TEMPO Interaktif, Surakarta - Ketua Umum Partai Demokrat Anas Urbaningrum menilai Undang-Undang Intelijen sudah sangat dibutuhkan masyarakat dan negara, terutama menyusul peristiwa bom bunuh diri di Gereja Bethel Injil Sepenuh (GBIS) Kepunton, Solo, Minggu, 25 September lalu. Ia menilai undang-undang tersebut bisa meningkatkan deteksi dini dan antisipasi terhadap tindakan teror.
"Kasus ini semakin menegaskan tentang pentingnya UU Intelijen," kata Anas kepada wartawan seusai menjenguk korban bom gereja itu di Rumah Sakit dr.Oen Solo, Rabu, 28 September 2011.
Menurut dia, dengan adanya UU Intelijen, fungsi intelijen bisa dipertegas dan diatur. Tujuannya untuk mengantisipasi terjadinya tindakan terorisme. Anas bahkan mendukung klausul intelijen punya kewenangan menangkap. Menurut dia, masyarakat tak perlu khawatir ada penyalahgunaan wewenang.
"Sekarang, kan, zaman demokrasi. Kontrol publik dan politik kuat. Tak usah takut ada penyalahgunaan wewenang," ujar Anas.
Kewenangan aparat intelijen menangkap, menurut Anas, memungkinkan aparat mengantisipasi terjadinya tindakan teror. "Kalau sudah terdeteksi ada rencana teror, harus segera diatasi. Tidak usah tunggu kalau sudah kejadian," katanya.
Soal penangkapan, dia menyebut masyarakat tidak perlu alergi terhadap ketentuan tersebut. Sebab, secara teknis, penangkapan bisa juga dilakukan oleh aparat kepolisian setelah berkoordinasi dengan intelijen. "Yang terpenting, aparat intelijen ada kewenangan deteksi dini dan mengantisipasi. Pengaturan teknis bisa dibicarakan kemudian."

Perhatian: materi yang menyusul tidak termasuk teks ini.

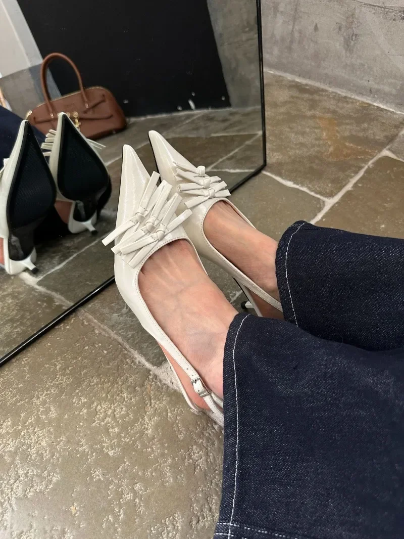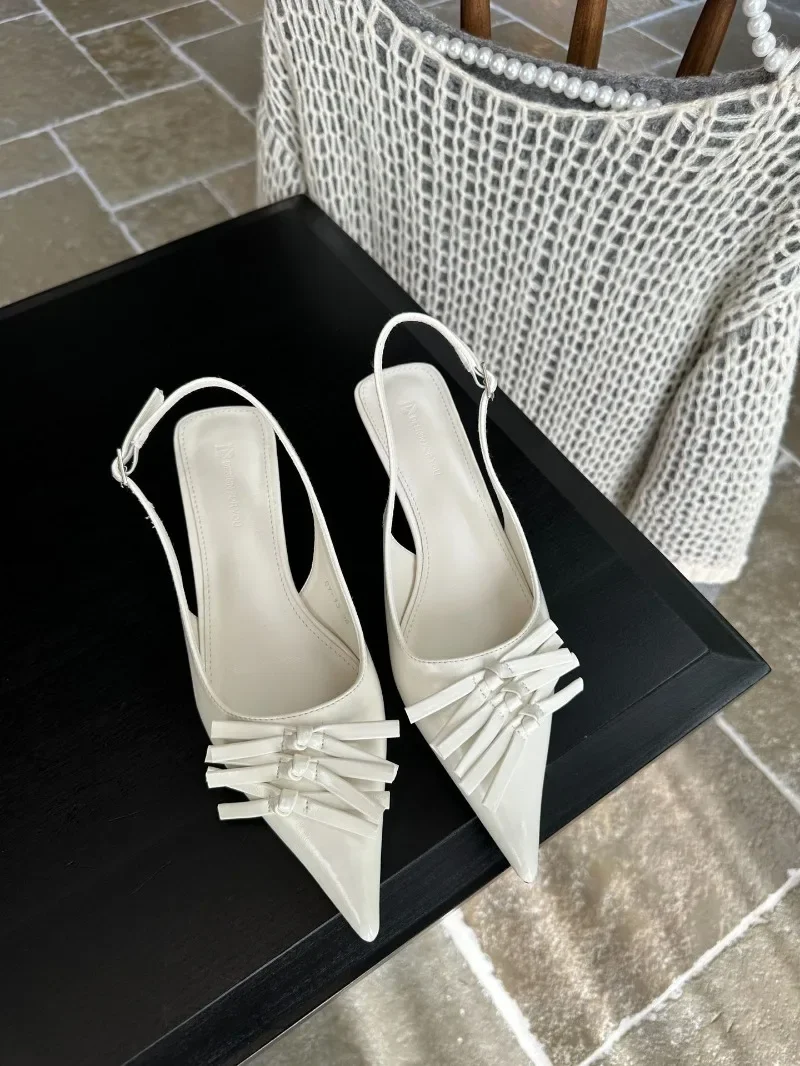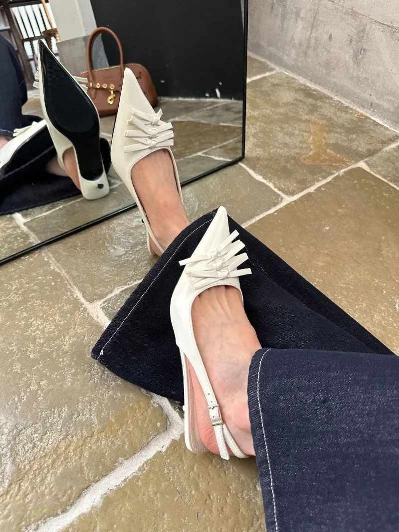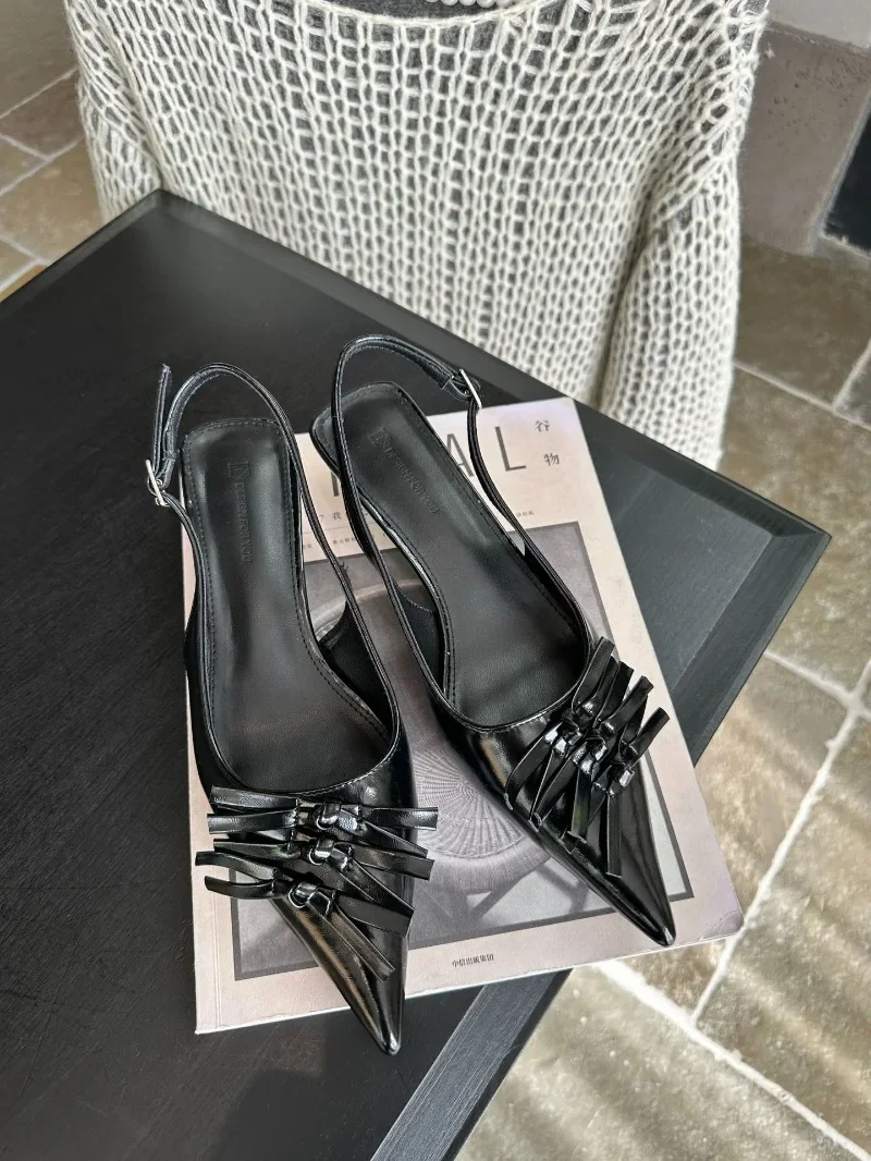 Kylethomasw Bowknot Designer Kitten Heel Sandals Women Summer 2025 Elegant High Heels Female Shallow Pointed Toe Pumps Dress Shoes Women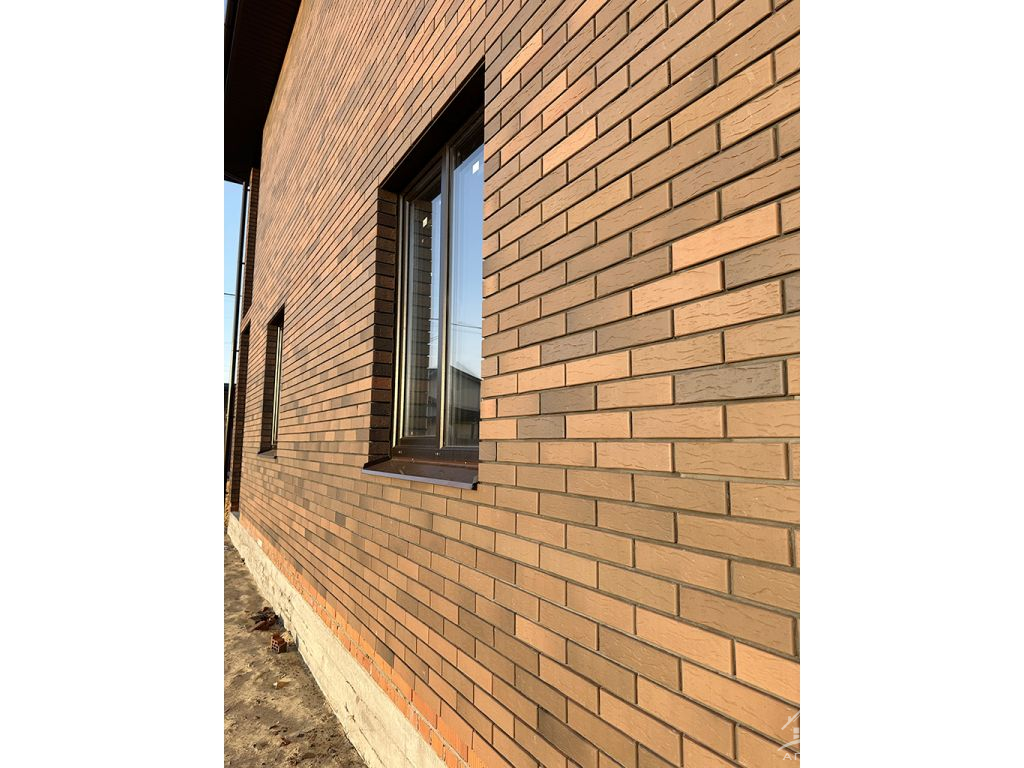 Монолитный фундамент. Стены из газосиликатных блоков марки D500, снаружи облицован кирпичом 'Баварская кладка'.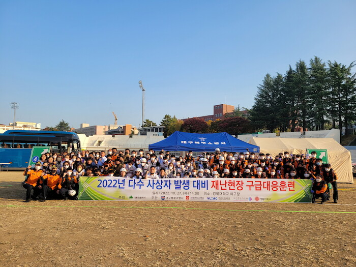 [세계로컬타임즈 이장학 기자] 대구소방안전본부는 27일 경북대학교 야구장에서 ‘2022년 재난현장 구급대응훈련’을 실시했다고 밝혔다.

Sebelumnya, Komisi Pertahanan dan Luar Negeri DPR memastikan lembaga intelijen tidak akan diberikan kewenangan melakukan penangkapan dan penahanan terhadap siapapun. Kewenangan penangkapan dan penahanan hanya diberikan kepada lembaga penegak hukum.
"Untuk menggali informasi, intelijen tidak ada penahanan dan penangkapan. Itu tegas kami sampaikan," kata Wakil Ketua Komisi, Agus Gumiwang Kartasasmita ketika memimpin rapat dengar pendapat dengan lembaga pegiat hak asasi manusia, Kontras dan Imparsial di Gedung DPR, Senin lalu, 26 September 2011.
Menurut Agus, lembaga intelijen memang perlu diberikan kewenangan yang fleksibel untuk memperluas dan memperdalam pengaturan informasi dalam suatu kasus tertentu. "Penangkapan dan penahanan hanya sebagai forum, tapi kami tidak setuju mereka (intelijen) diberikan penggalangan info," ujar dia.
Agus mengatakan, sebagai pelaksana fungsi pencegahan terhadap potensi timbulnya ancaman keamanan nasional, lembaga intelijen harus kaya informasi. Untuk menggali informasi, lembaga intelijen bisa bekerja sama dengan lembaga penegak hukum. "Gali info di tempat penegak hukum itu, tapi enggak sampai ikut campur tangan," kata politikus Partai Golkar ini.
Lembaga intelijen, dalam hal ini Badan intelijen Negara (BIN), kata Agus, juga tidak bisa serta-merta meminta lembaga penegak hukum untuk melaksanakan penangkapan atau penahanan karena memang tidak memiliki wewenang tersebut.